The long-running study, initiated in 1965, monitors the return of these swans from their Arctic breeding grounds to the UK, with recent arrivals numbering little over 100 compared to the annual flock of 700 in the past.
The impact of climate change on the natural world, marked by unseasonably hot weather, raises concerns about the long-term return of Bewick’s swans to Britain.
Kane Brides from the Wildfowl and Wetlands Trust highlighted the potential that these swans may never return to the UK, emphasising the need for conservation efforts.
“This is happening right in front of our eyes,” he said. “Climate change is playing its part here.”

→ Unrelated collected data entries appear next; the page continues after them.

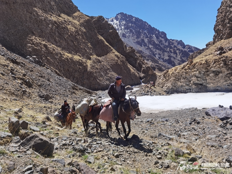 下山路树木稀少,马匹走在近50度的斜坡上,小路仅有两拳宽,一边是山脊,一边是深深的沟壑。周围碎石密布,马蹄像是踩在滑板上,每走一步,马小心、人担心。
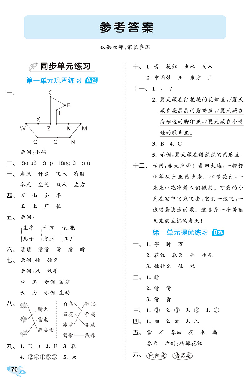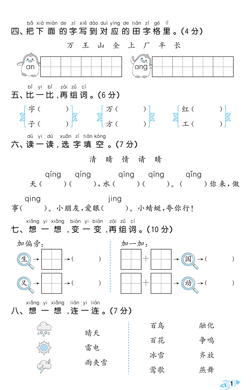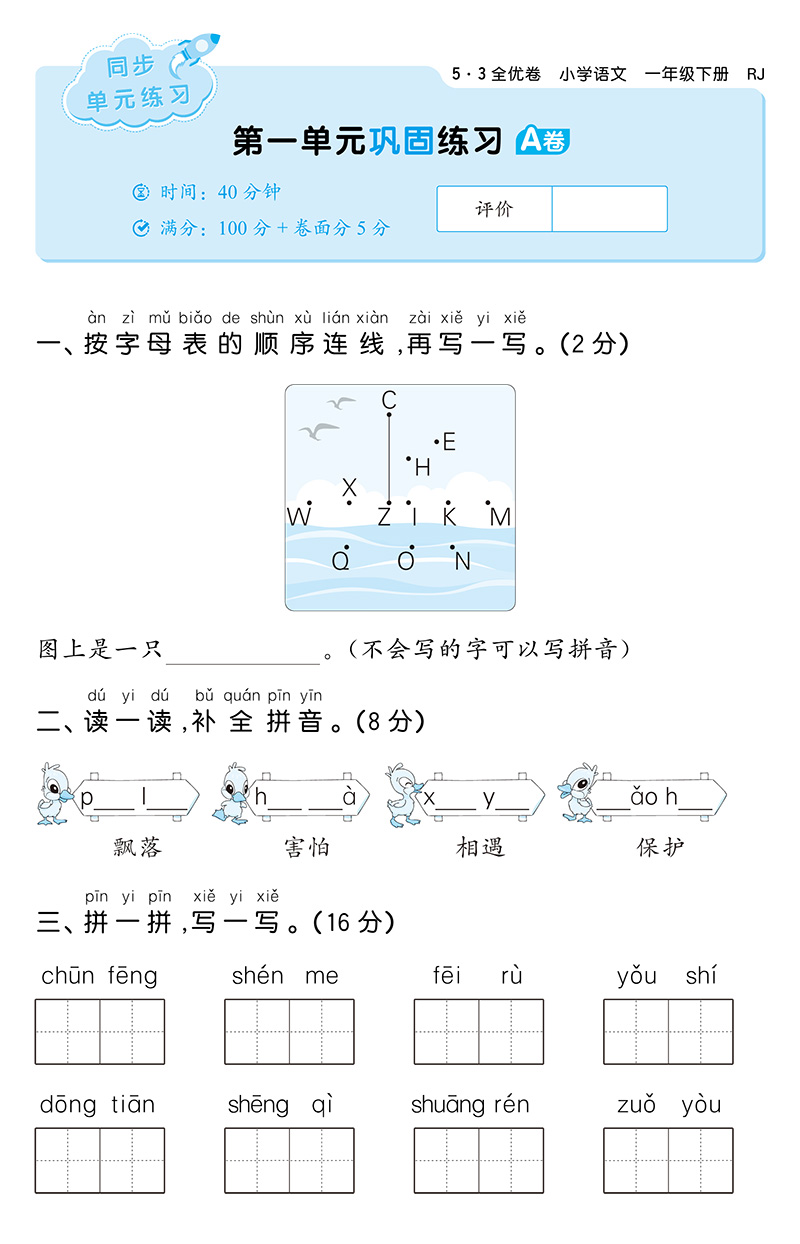 2023春季 53全优卷 小学语文 一年级下册 RJ 人教版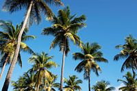 Tropische palmen op het eiland Mustique steken zomers af tegen de blauwe lucht voor een super vakantie gevoel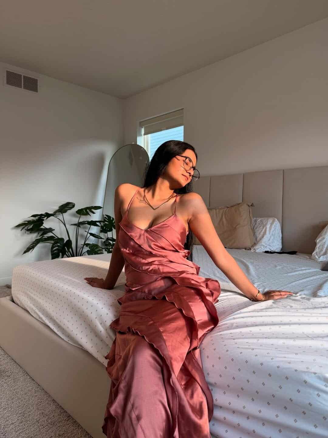 Make a statement at your birthday bash with this stunning satin ruffled maxi slip dress in a luxurious rose gold hue. The flowing silhouette and delicate spaghetti straps exude elegance, while the cascading ruffles add a touch of drama and movement.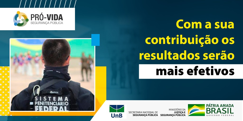O prazo para participar da Pesquisa Nacional sobre a Valorização do Profissional de Segurança Pública se encerra em 15 dias. A pesquisa faz parte do Programa Nacional de Qualidade de Vida para Profissionais de Segurança Pública – Pró-Vida, do Ministério da Justiça e Segurança Pública (MJSP). Por isso, o Departamento Penitenciário do Paraná reforça que todos os profissionais que integram o quadro participem da ação.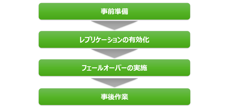 フェールオーバー後は、移行先サーバに対する事後作業が必要です。思いつくものとして以下があります。

Bewick’s swans, characterised by distinctive black markings on their yellow bills, have been tracked using GPS technology, revealing changes in their behaviour.
Hans Linssen of the Netherlands Institute of Ecology said, “Winters used to be colder, so when they came down from Russia they travelled all the way to Britain to be at a comfortable temperature.”
“But these days, winters are warmer, so when they come down, they arrive in Germany and the Netherlands and they think, ‘It’s good here. I’ll stay. I’ll not bother to travel all the way to England.’
“And northern Germany now seems to be the main area for them to stop and spend the winter.”
The global population of Bewick’s swans is dwindling, facing threats such as deliberate killing, lead poisoning, and the loss of wetland habitat.
The arrival of a bonded pair, Maisie and Maifield, at Slimbridge in Gloucestershire marks the latest addition to the study, which has recorded more than 10,000 swans over 60 years.
The study serves as one of the world’s longest-running investigations of a single species, initiated by Sir Peter Scott, and its findings underscore the broader challenges posed by climate change on migratory patterns and the conservation of iconic wildlife.